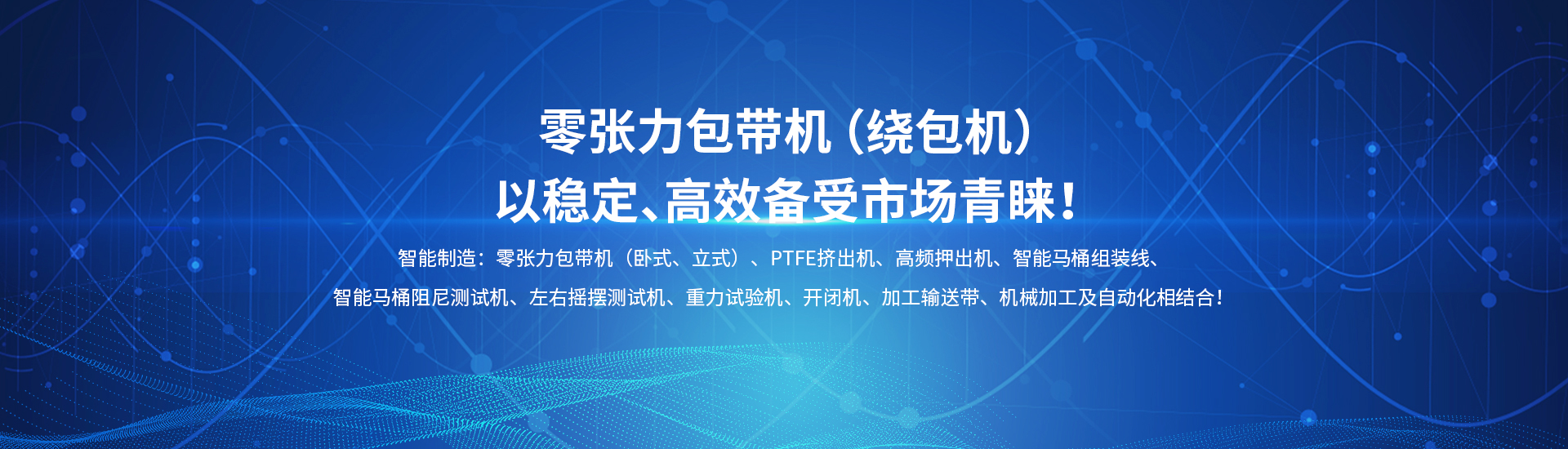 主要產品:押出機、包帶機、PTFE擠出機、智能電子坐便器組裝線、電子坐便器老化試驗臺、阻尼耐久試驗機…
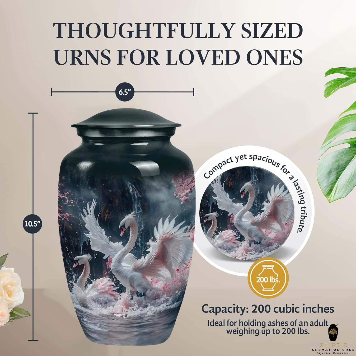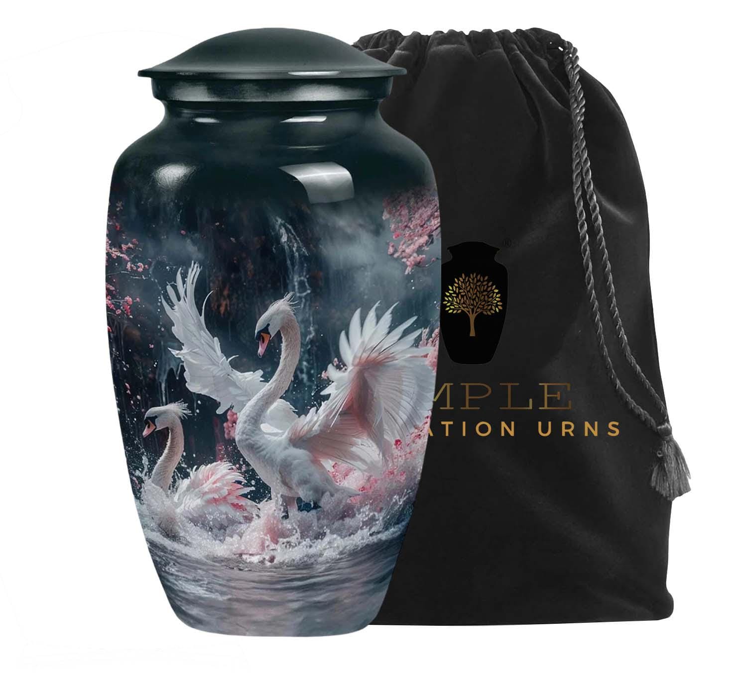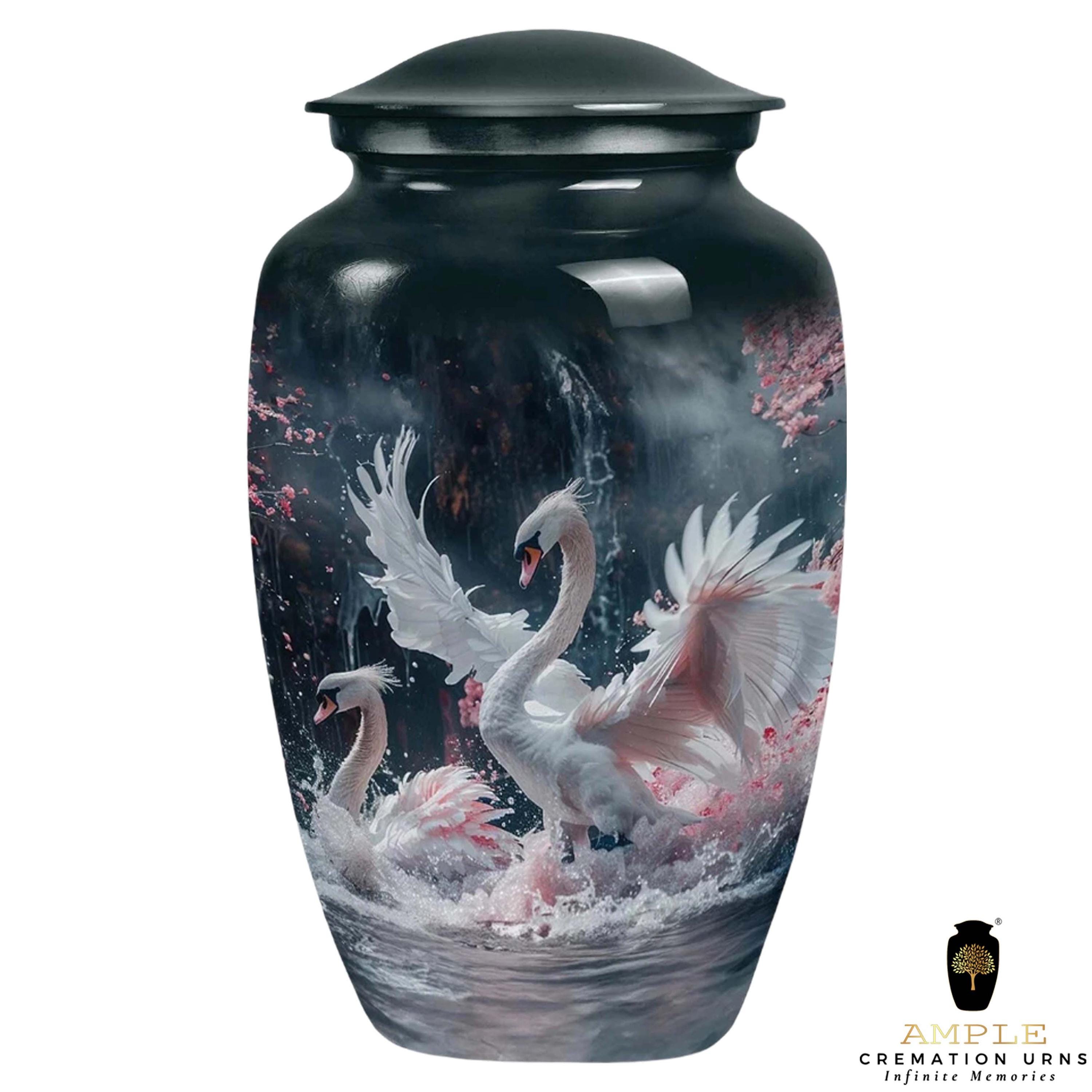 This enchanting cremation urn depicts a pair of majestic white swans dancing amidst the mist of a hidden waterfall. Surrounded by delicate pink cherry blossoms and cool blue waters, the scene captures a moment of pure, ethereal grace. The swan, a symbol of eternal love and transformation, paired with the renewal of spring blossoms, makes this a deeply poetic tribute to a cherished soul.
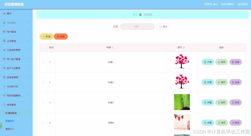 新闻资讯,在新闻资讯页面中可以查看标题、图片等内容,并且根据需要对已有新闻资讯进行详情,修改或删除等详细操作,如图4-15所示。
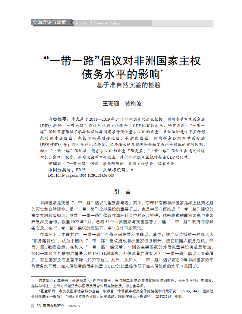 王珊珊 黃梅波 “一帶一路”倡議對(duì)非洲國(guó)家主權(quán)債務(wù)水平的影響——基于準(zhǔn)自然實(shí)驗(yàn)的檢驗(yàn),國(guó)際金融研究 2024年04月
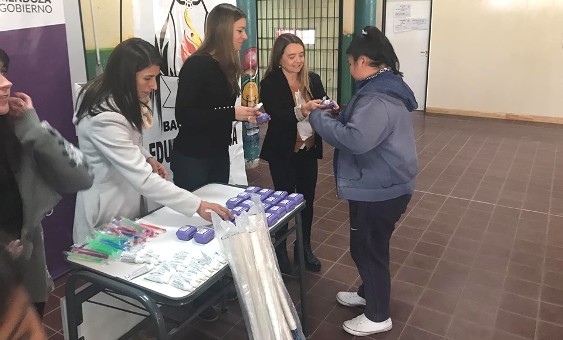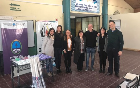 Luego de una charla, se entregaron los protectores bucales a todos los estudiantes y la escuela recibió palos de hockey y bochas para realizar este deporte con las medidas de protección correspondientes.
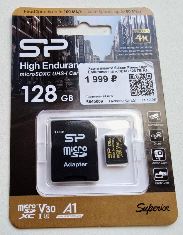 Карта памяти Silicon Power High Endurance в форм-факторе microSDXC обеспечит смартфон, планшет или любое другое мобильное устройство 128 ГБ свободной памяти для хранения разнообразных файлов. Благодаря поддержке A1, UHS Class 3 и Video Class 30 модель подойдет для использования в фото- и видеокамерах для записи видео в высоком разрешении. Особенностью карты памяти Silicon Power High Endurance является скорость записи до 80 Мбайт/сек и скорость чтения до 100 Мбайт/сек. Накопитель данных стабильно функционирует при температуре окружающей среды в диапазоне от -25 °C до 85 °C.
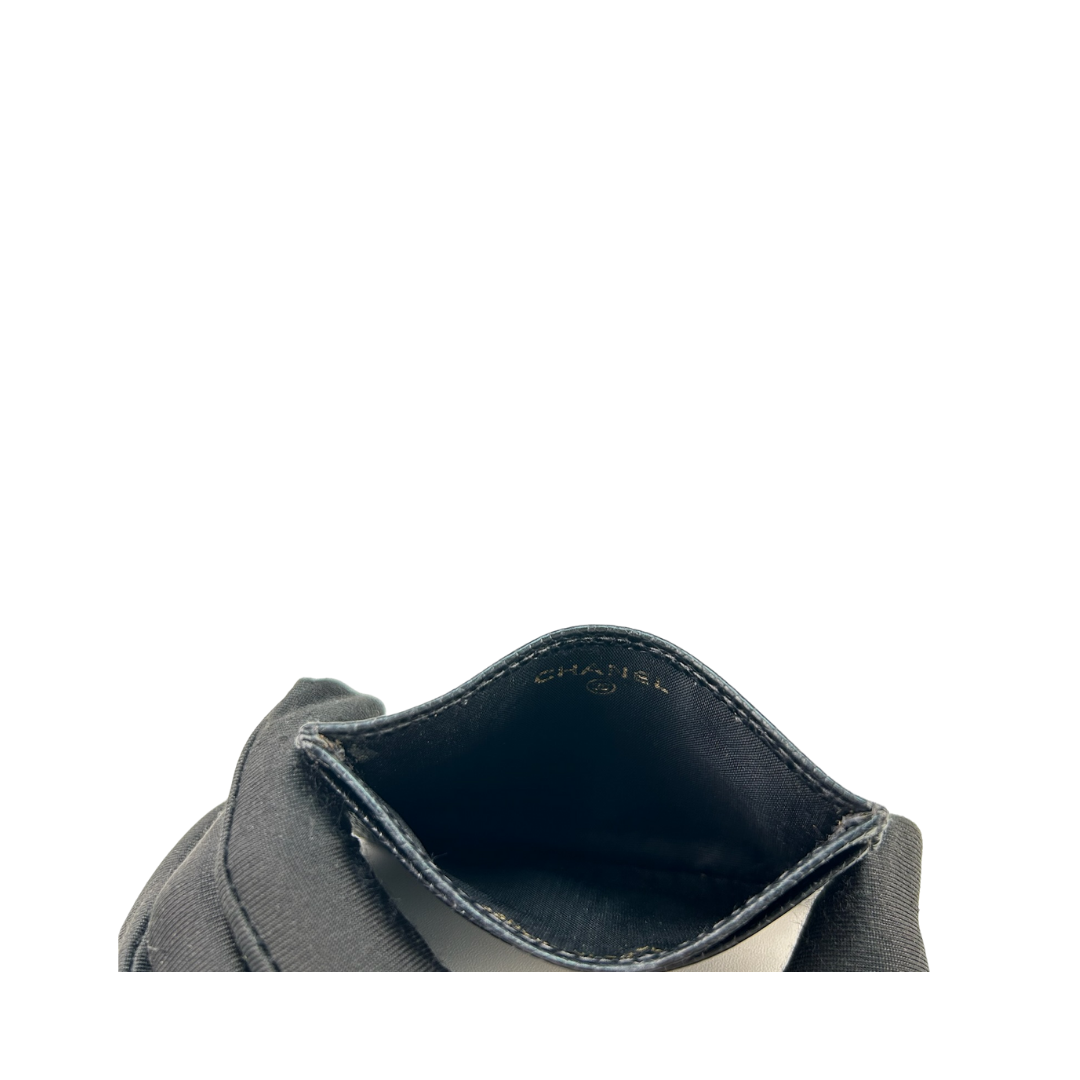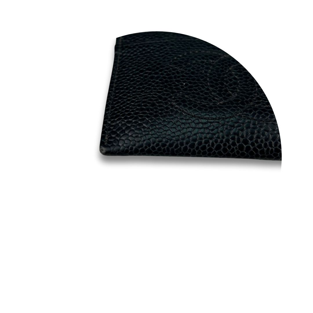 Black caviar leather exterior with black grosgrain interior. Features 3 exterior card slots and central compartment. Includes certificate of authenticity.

Problem requirements →
Leave out the pictures and repeat the lines from the start of the material through the line with "Luego de una", inclusive.

Answer for the task →
 主要產品:押出機、包帶機、PTFE擠出機、智能電子坐便器組裝線、電子坐便器老化試驗臺、阻尼耐久試驗機…
 This enchanting cremation urn depicts a pair of majestic white swans dancing amidst the mist of a hidden waterfall. Surrounded by delicate pink cherry blossoms and cool blue waters, the scene captures a moment of pure, ethereal grace. The swan, a symbol of eternal love and transformation, paired with the renewal of spring blossoms, makes this a deeply poetic tribute to a cherished soul.
 新闻资讯,在新闻资讯页面中可以查看标题、图片等内容,并且根据需要对已有新闻资讯进行详情,修改或删除等详细操作,如图4-15所示。
 王珊珊 黃梅波 “一帶一路”倡議對(duì)非洲國(guó)家主權(quán)債務(wù)水平的影響——基于準(zhǔn)自然實(shí)驗(yàn)的檢驗(yàn),國(guó)際金融研究 2024年04月
 Luego de una charla, se entregaron los protectores bucales a todos los estudiantes y la escuela recibió palos de hockey y bochas para realizar este deporte con las medidas de protección correspondientes.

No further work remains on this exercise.